= Edward William Montgomery =

Canadian politician

Edward William Montgomery (1865 - September 27, 1948) was a politician in Manitoba, Canada. He served in the Legislative Assembly of Manitoba from 1927 to 1932, and served as a cabinet minister in the government of John Bracken.

He was born in Canada East and came to Stonewall, Manitoba with his parents in 1877. Montgomery was educated at Manitoba College, taught school in Brandon and went on to study medicine at Manitoba Medical College. He entered the practice of medicine in Winnipeg in 1892. Montgomery was president of the Canadian Medical Association in 1922. He also served as professor of medicine at the Manitoba Medical College.

He was elected to the Manitoba legislature as a Progressive in the 1927 provincial election, for the constituency of Winnipeg. At the time, Winnipeg elected ten members by a single transferable ballot. Montgomery finished seventh on the first count, and was declared elected for the final position on the twenty-first count.

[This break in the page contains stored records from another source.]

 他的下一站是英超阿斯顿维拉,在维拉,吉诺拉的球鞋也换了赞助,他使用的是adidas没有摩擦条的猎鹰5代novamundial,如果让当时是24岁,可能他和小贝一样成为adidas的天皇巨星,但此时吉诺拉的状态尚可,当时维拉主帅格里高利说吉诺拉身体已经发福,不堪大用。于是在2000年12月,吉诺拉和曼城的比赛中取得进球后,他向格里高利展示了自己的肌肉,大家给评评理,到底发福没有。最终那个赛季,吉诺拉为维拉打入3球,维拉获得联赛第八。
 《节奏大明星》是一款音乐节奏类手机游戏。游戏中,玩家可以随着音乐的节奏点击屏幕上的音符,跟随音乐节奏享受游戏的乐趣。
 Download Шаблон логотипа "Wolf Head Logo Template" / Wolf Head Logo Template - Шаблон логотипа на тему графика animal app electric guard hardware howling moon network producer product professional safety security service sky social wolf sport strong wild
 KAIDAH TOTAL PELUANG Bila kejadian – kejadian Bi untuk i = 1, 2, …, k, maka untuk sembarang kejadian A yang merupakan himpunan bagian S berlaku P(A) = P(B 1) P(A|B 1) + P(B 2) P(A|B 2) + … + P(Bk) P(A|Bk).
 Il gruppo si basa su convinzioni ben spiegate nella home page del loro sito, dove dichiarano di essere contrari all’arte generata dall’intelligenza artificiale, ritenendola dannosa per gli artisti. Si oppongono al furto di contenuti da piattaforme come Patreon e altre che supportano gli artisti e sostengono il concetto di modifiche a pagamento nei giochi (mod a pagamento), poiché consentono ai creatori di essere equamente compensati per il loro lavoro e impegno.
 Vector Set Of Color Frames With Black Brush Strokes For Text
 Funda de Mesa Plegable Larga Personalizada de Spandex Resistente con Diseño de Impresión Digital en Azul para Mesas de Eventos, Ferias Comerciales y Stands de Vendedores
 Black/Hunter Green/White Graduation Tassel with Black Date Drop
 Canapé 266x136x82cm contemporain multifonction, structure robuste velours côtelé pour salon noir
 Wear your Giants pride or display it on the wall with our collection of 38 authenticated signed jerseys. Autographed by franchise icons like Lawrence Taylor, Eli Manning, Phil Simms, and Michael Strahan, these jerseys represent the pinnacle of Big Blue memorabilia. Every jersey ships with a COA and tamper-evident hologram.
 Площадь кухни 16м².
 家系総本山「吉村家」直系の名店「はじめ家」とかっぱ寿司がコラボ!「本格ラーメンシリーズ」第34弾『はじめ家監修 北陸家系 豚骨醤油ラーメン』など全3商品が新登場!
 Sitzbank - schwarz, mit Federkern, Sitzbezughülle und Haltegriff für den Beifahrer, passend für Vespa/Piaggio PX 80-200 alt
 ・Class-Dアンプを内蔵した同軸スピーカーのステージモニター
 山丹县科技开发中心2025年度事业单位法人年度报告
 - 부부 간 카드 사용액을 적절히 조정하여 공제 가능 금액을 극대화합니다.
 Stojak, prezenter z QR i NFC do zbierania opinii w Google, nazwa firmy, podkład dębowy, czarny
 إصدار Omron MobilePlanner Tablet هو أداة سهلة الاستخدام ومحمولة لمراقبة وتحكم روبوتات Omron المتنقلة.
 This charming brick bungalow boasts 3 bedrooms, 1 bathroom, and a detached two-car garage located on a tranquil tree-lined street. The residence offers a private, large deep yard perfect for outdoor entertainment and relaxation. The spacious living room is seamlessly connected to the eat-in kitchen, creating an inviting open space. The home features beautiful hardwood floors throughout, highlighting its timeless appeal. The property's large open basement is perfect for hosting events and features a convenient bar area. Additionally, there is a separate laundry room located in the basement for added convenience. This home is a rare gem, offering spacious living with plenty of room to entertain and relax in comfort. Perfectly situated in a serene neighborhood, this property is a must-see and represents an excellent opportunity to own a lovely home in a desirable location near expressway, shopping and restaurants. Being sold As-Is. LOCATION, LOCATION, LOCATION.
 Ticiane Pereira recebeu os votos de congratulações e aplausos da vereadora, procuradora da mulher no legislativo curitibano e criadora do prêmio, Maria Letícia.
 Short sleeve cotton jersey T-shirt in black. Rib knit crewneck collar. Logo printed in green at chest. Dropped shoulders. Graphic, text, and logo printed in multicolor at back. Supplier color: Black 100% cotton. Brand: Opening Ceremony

On September 9, 1927, he was appointed Minister of Health in Bracken's government. His position was restyled as "Minister of Health and Public Welfare" on July 12, 1928.

Montgomery was defeated in the 1932 provincial election. He finished in fifteenth place on the first count in Winnipeg and was later eliminated from contention on the nineteenth count.

After retiring from politics, he served as chair of the provincial Board of Health until his death in Winnipeg in 1948.